(Beginning of Dataset entries)

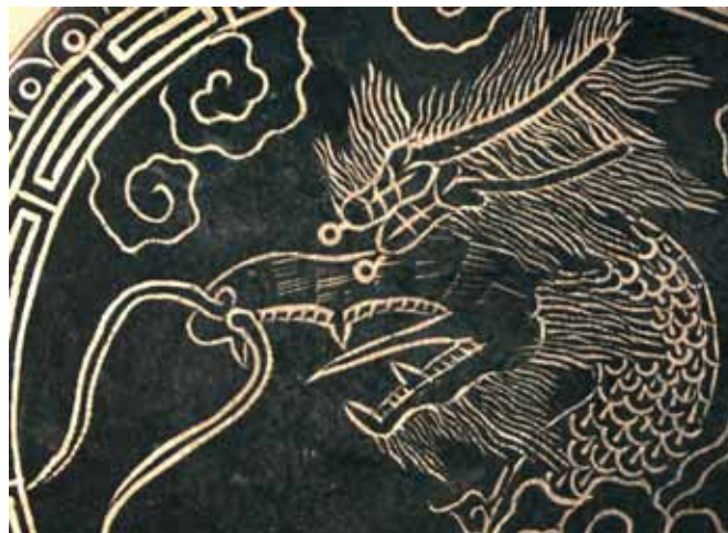
FIGURE 7. Detail of a lid of wu tong ink box 1992,1109.4 before treatment: image size: 30 × 22 mm
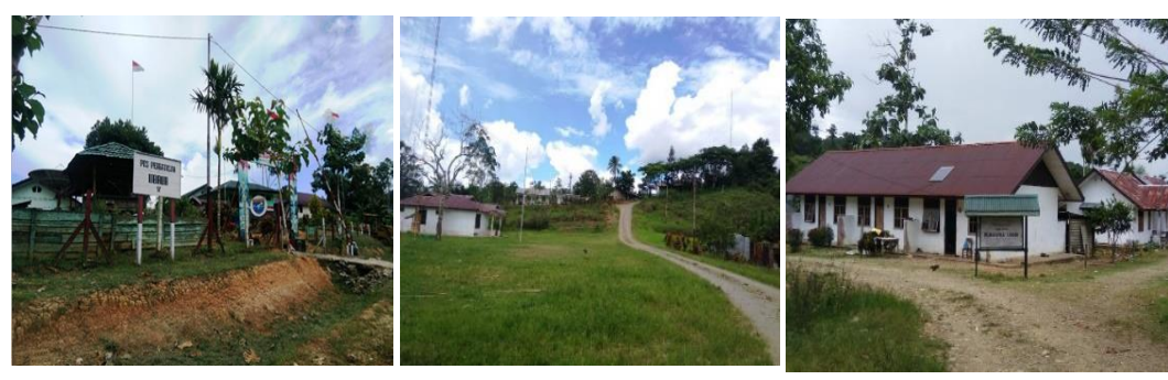
Figure 6. Road Conditions to Airstrip Ubrub Location

Airstrip Ubrub is located in the village of Umuaf. Accessibility to Kampung Umuaf can be reached by road by double gardan (4 WD) from Sentani taken for \pm 8 hours. The condition of the road to Airstrip Ubrub is still not good there are many potholes and some bridges to Airstrip Ubrub are still wooden bridges. Here is a documentation of public facilities, road conditions, and bridges leading to the Web and Airstrip Ubrub districts.
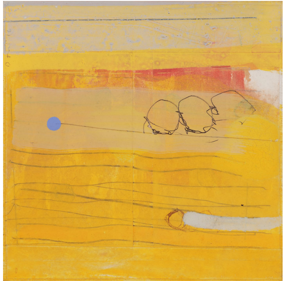
Doug Trump, Yellow and Friends , 2016 oil, pencil and collage on wood panel, 5 3/4 x 5 3/4 inches
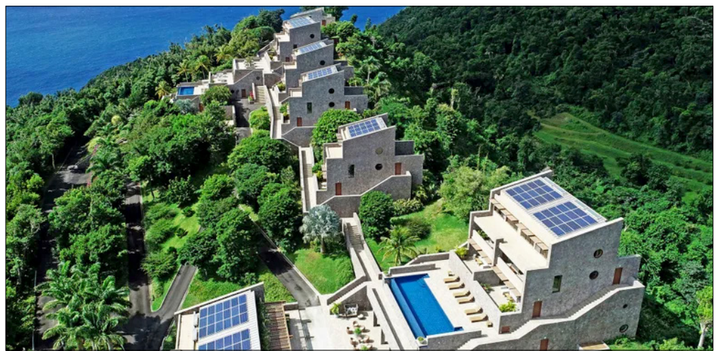
► Coulibri Ridge is the Caribbean's first totally sustainable hotel

Dominica has opened the first Caribbean property to join Beyond Green's global portfolio of sustainable hotels. Coulibri Ridge located in Petit Coulibri, in the south, has that distinction.
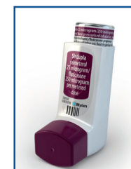
Sirdupla® MDI* fluticasone propionate & salmeterol (aerosol)
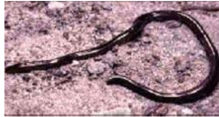
Figure 3. Brahminy Blind Snake Ramphotyphlops braminus

The Brahminy blind snake is an introduced species to southern Florida. It is nonvenomous and does not bite. Commonly found in flower beds and gardens, it eats ant and termite eggs, larvae, and pupae. This species is slender, wormlike, and shiny black with very small eyes and jaw. It is a unisexual species, consisting of only females.
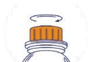
Step 1: Open the cap
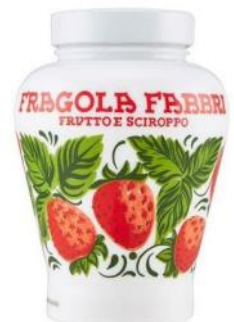
Fragola Fabbri strawberries in syrup 600g x 6 CODE FAB02
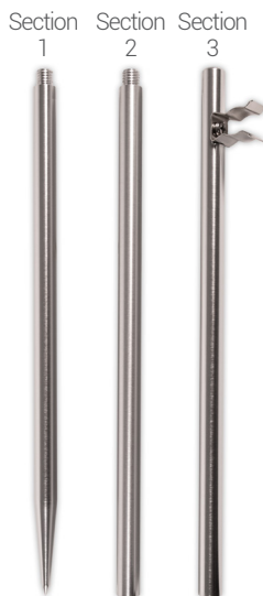
Figure 1. 3-Piece Microphone Stand
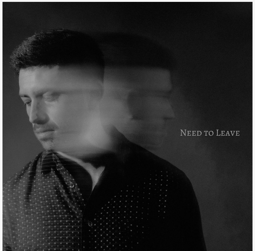
Cover art for "Need To Leave" by Maxwell Macey

As Maxwell later relocated to the Pacific Northwest, the track also represents a poignant meditation on breaking free from toxic cycles, embracing change and finding clarity in the vastness of natural spaces. The chorus serves as both a literal and metaphorical expression—leaving behind a physical space as well as the emotional weight of an unfulfilling life chapter.
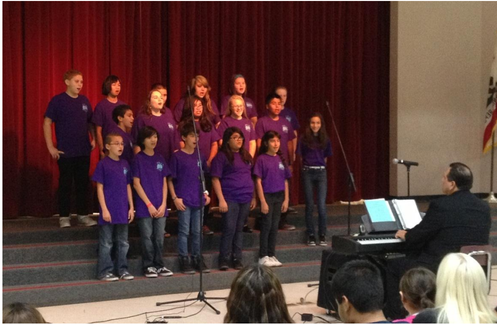
7 TH GRADE CONCERT CHOIR!
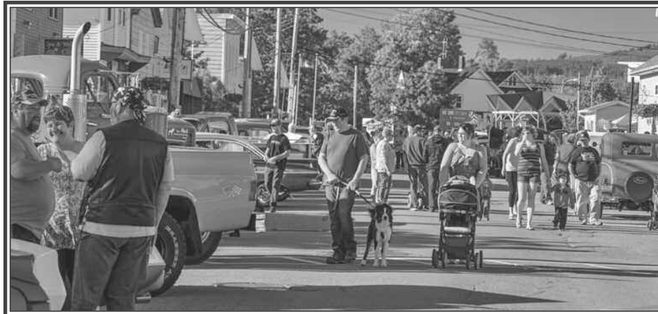
Main Street Parrsboro was filled with antique vehicles and pedestrians during Old Fashioned Saturday night. As usual there was a large crowd as the evening experienced good weather.
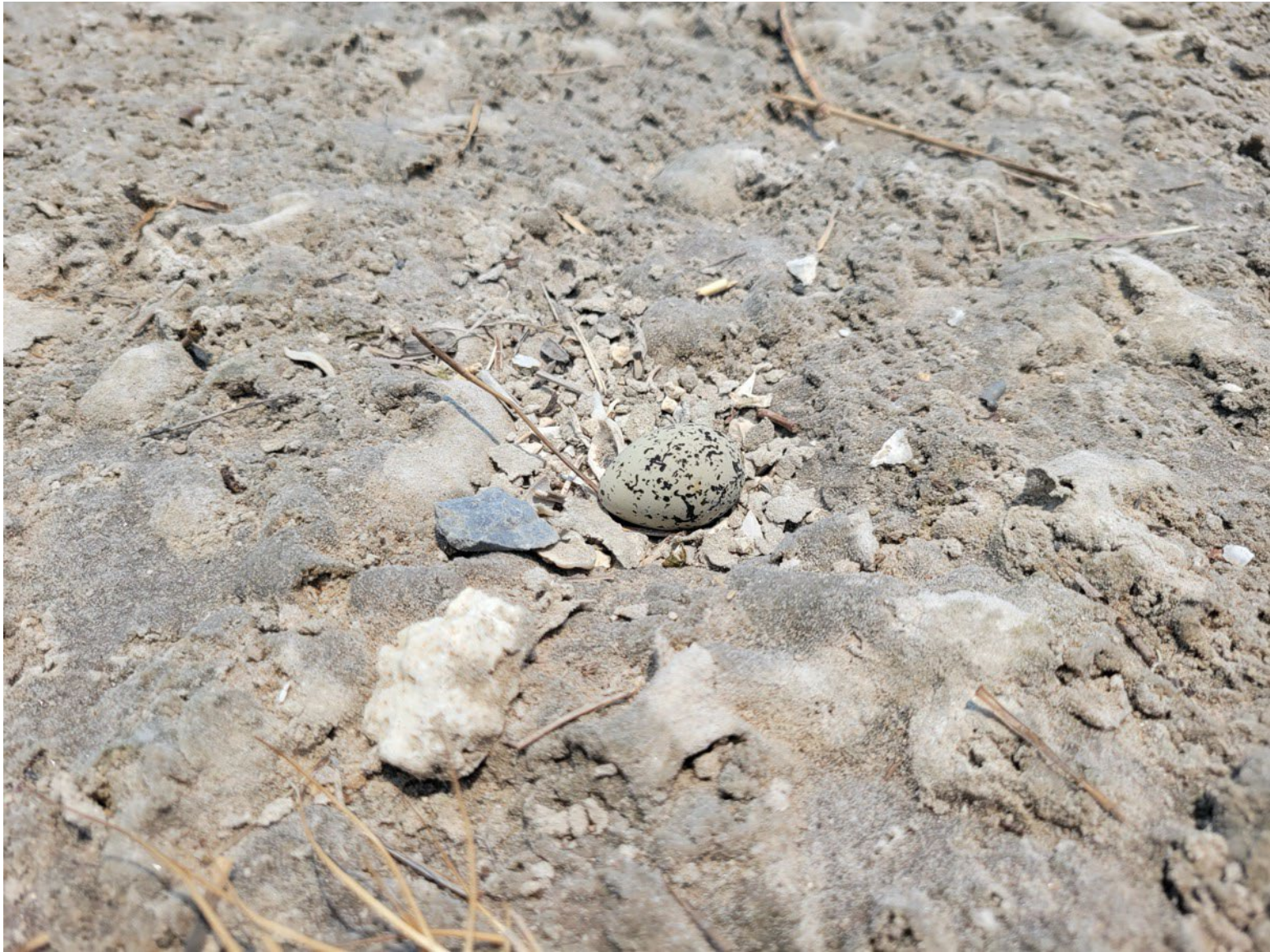
Figure 7. SNPL 3 with only a single egg remaining on June 6, 2024.
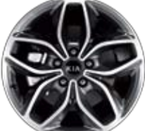
18" alloy D-type wheel 225/40R18 (for 1.6 T-GDI)

(End of Dataset entries)

Your instructions: What is needed is an exact transcription of the lines from the one holding "Cover art for" to the end of the data, with every picture left out.

Written response:
Cover art for "Need To Leave" by Maxwell Macey

As Maxwell later relocated to the Pacific Northwest, the track also represents a poignant meditation on breaking free from toxic cycles, embracing change and finding clarity in the vastness of natural spaces. The chorus serves as both a literal and metaphorical expression—leaving behind a physical space as well as the emotional weight of an unfulfilling life chapter.
7 TH GRADE CONCERT CHOIR!
Main Street Parrsboro was filled with antique vehicles and pedestrians during Old Fashioned Saturday night. As usual there was a large crowd as the evening experienced good weather.
Figure 7. SNPL 3 with only a single egg remaining on June 6, 2024.
18" alloy D-type wheel 225/40R18 (for 1.6 T-GDI)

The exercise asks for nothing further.